# New Senior Hunter - Congratulations Fosse!



## Oneblackdawg (Apr 27, 2008)

Buffalo Ridge Country Rosebud "Rose" passed the last leg and completed her SH title last Sunday at the Northern Flight Hunt Test at Kelly Farms in Marine on St. Croix, MN handled by Tim Springer.

A big congrats to Fosse, my niece Jessie, and Tim for Rose's accomplishments. 8)

Bill and Tar


----------



## Gunny (Aug 18, 2005)

Congrats! That is a very proud moment.

Gunny


----------



## BROWNDOG (Nov 2, 2004)

Congrats Burt, Jessica and of course Rose............

Burt we still need to get those pictures done.....


----------



## gundogguru (Oct 7, 2003)

Congrats on to MH.


----------



## Fosse (Jan 5, 2007)

BROWNDOG said:


> Burt we still need to get those pictures done.....


Now more than ever...How is Labor day weekend @ CMRC looking?


----------



## BROWNDOG (Nov 2, 2004)

Fosse said:


> BROWNDOG said:
> 
> 
> > Burt we still need to get those pictures done.....
> ...


sounds good to me are you going to be there for the weekend ?

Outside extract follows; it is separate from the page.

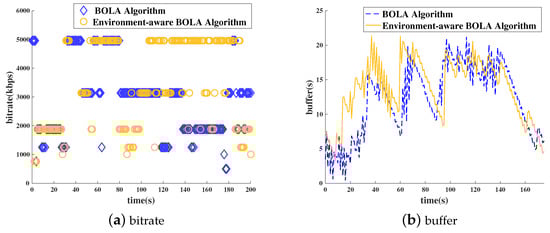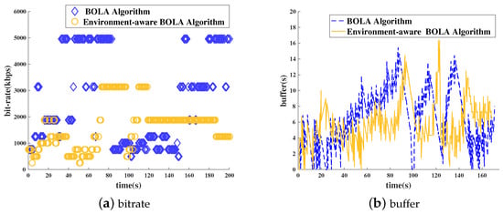 Figure 6 shows the experimental results when the user is sitting on the bus or walking on campus. These environments are basically dynamic and noisy. Figure 6a shows the results of the requested bit rate in these environments. It can be seen that the environment-aware BOLA algorithm is more gentle at the requested bit rate level. In this time, the bit rate levels is lower than the BOLA algorithm. However, from the results in Figure 6b, it is clear that the length of stallings is reduced obviously.
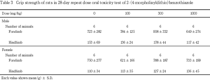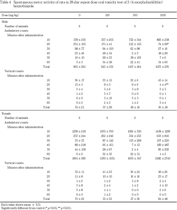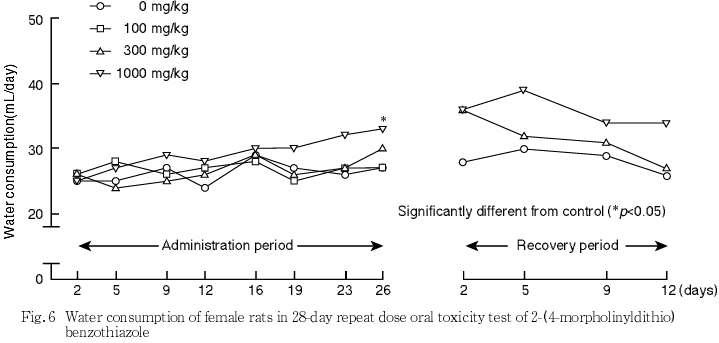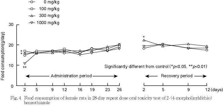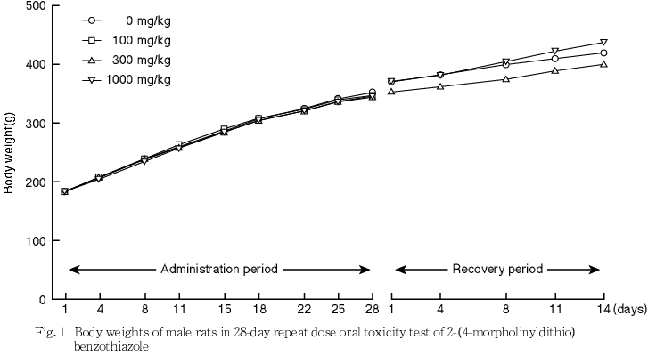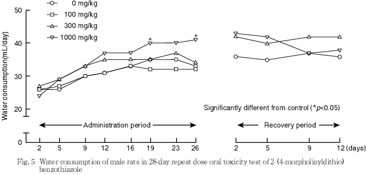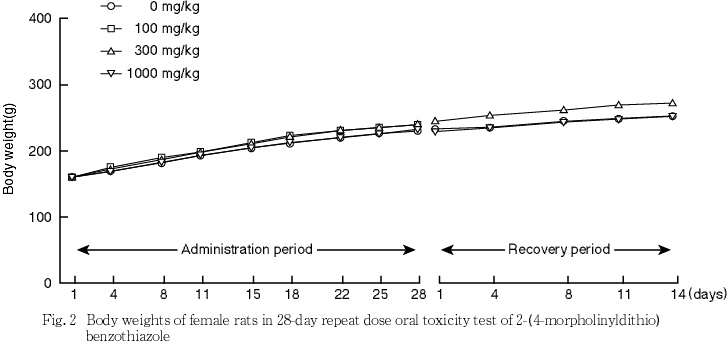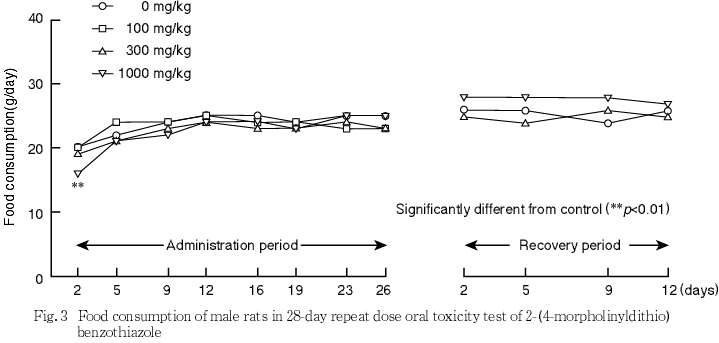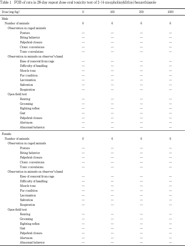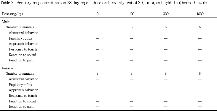 死亡および瀕死例は,いずれの群にも認められなかった.一般状態では,いずれの群にも異常はみられなかった.体重では,投与に起因する変化はみられなかった.摂餌量は,1000 mg/kg群の雌雄で一過性の低値がみられた.また,2-(4-モルホリニルジチオ)ベンゾチアゾールのラットを用いる簡易生殖毒性試験1)においても,1000 mg/kg群の雌雄で摂餌量の低値が認められている.摂水量は,1000 mg/kg群の雌雄で一過性の高値がみられた.

I'm going to run at Hennipen on friday (hopefully all day) But I would like to train at CMRC one of the other days Let me know


----------



## Fosse (Jan 5, 2007)

BROWNDOG said:


> Fosse said:
> 
> 
> > BROWNDOG said:
> ...


Jess and I are planning to camp there all weekend. So come on by...


----------



## Oneblackdawg (Apr 27, 2008)

I forgot to mention when I started this thread that my dog Tar is Rose's mother. Tar was bred to Roger Weller's Max before he earned his FC-AFC titles.

Pedigree link:

http://www.gooddoginfo.com/gdc/asp/view ... ogNo=82026

Shameless plug regards, 

Bill


----------